The problem of complete, irreversible data anonymisation

by COMPRISE

06 July 2021

The concept of data anonymisation

Broadly speaking, data anonymisation can be defined as the process of irreversibly removing identifiable (confidential or private) information of both natural and legal persons ^[1] from raw datasets (e.g., text databases, audio recordings, etc.). But there is more to anonymisation than meets the eye, especially when it comes to actual humans!

The General Data Protection Regulation (GDPR) does not explicitly define anonymisation. However, it states in Recital 26 that “[the] principles of data protection should apply to any information concerning an identified or identifiable natural person. […] The principles of data protection should therefore not apply to anonymous information, namely information which does not relate to an identified or identifiable natural person or to personal data rendered anonymous in such a manner that the data subject is no longer identifiable”.
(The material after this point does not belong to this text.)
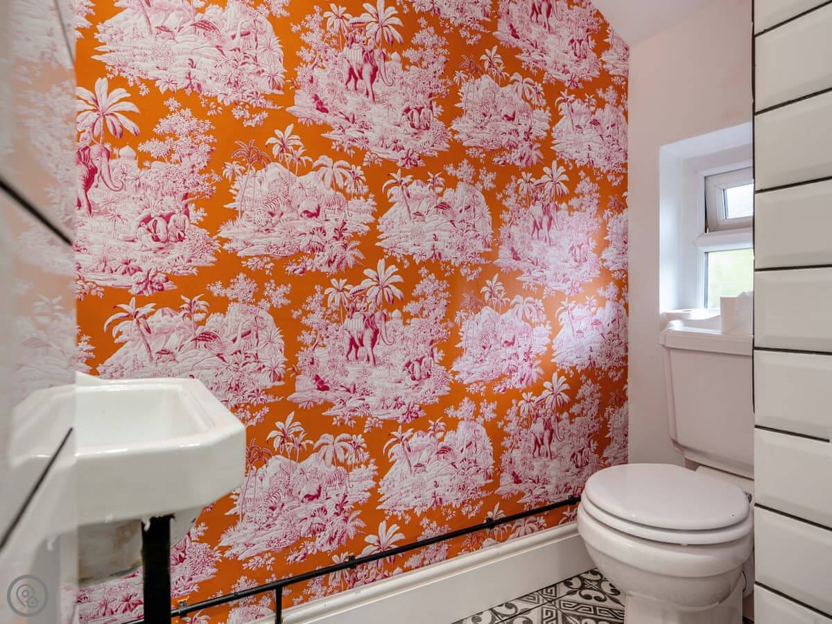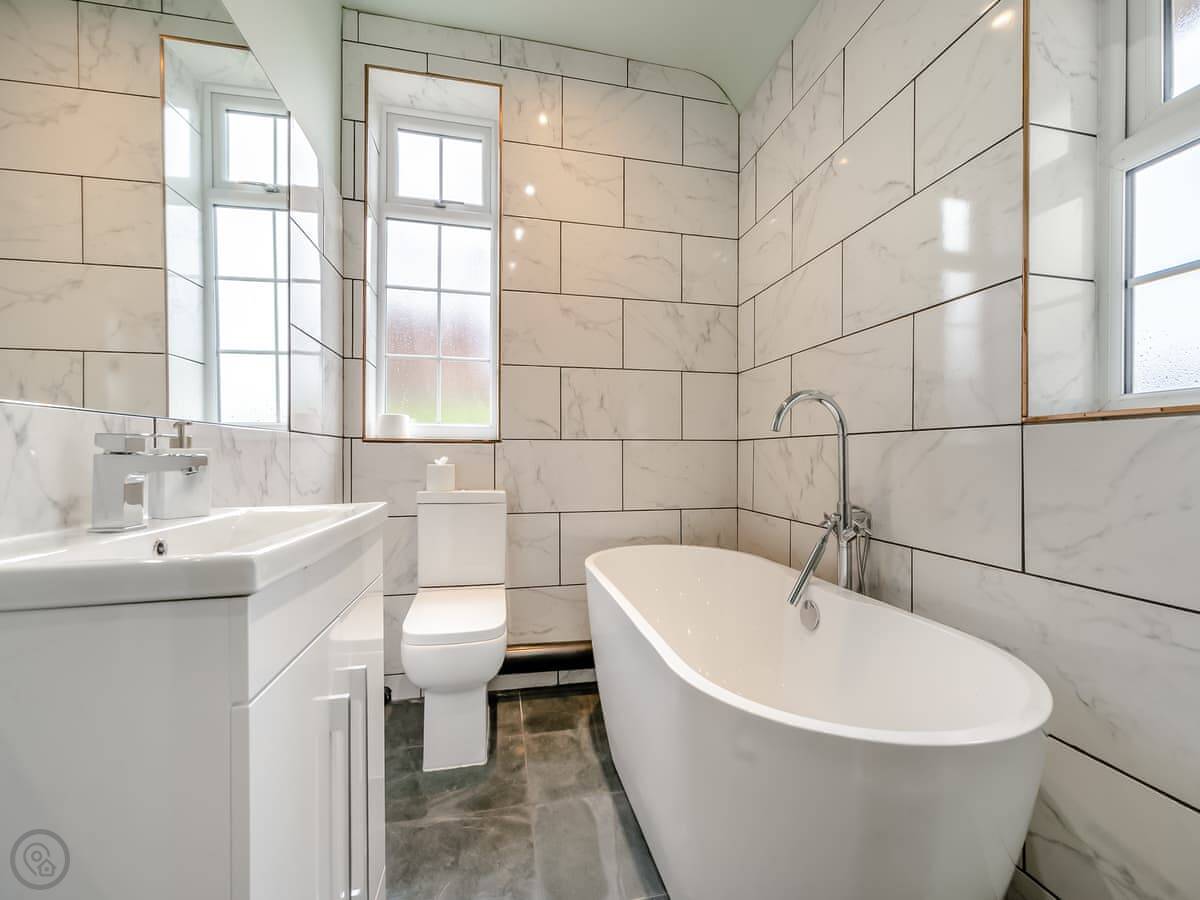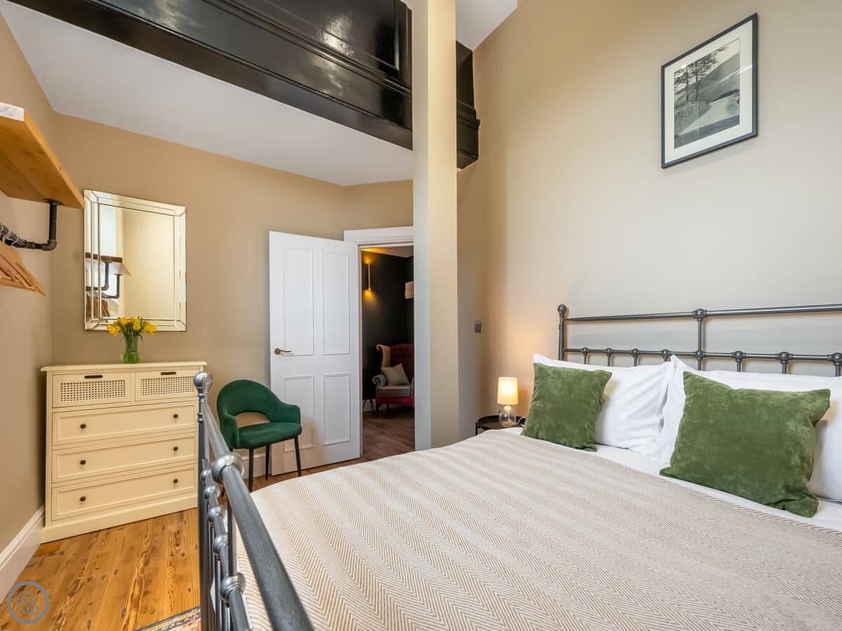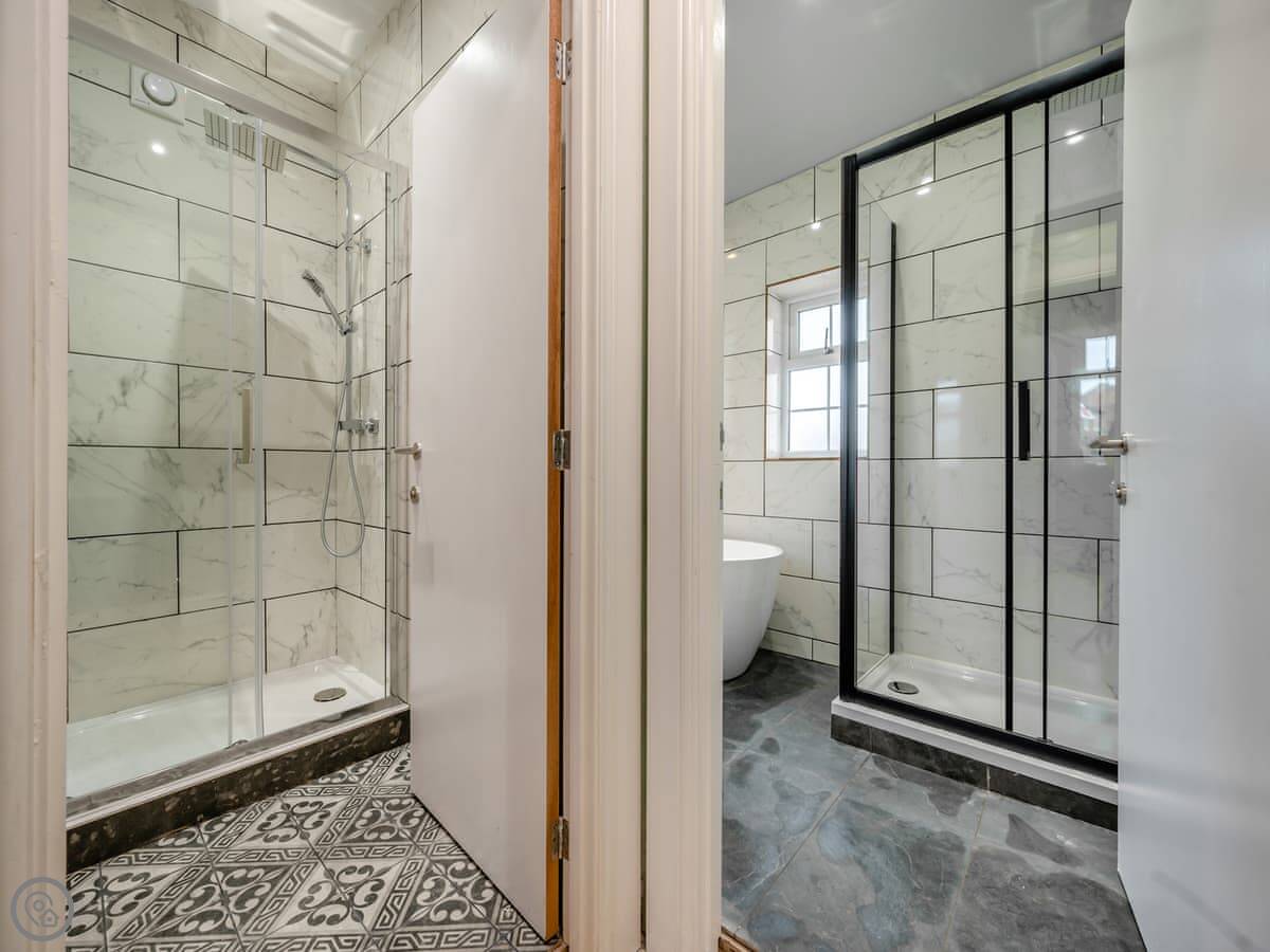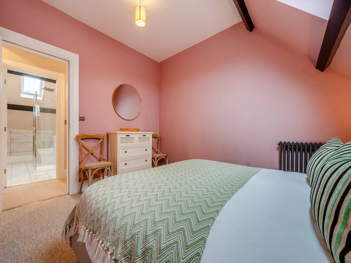 The layout is a bit different. Four of the bedrooms are on the ground floor, each with a kingsize bed. There are two bathrooms down there, one has a bath. The main living area is open plan, with the kitchen, dining, and a sitting area. The ceilings are high. There's a utility room with a washing machine and a desk if you need it.

The personal data or information to which Recital 26 refers to can be found in GDPR, Article 4(1). Simply put, they are unique identifiers (e.g., names, national identification numbers, etc.) that allow for the direct identification of individuals, and online identifiers provided by the device, app, tool or protocol used by the data subject (e.g., IP address, cookie identifier, radio frequency identification tag, etc.) as indicated in Recital 30.

But ‘identifiable’ does not end here, as a person can also be indirectly identified by linking other publicly available or privately acquired information concerning his/her persona (e.g., place of birth, race, religion, physical attributes, activities, employment information, medical information, education information, etc.), making anonymisation an extremely delicate and complicated task. This type of information is known as quasi-identifiers.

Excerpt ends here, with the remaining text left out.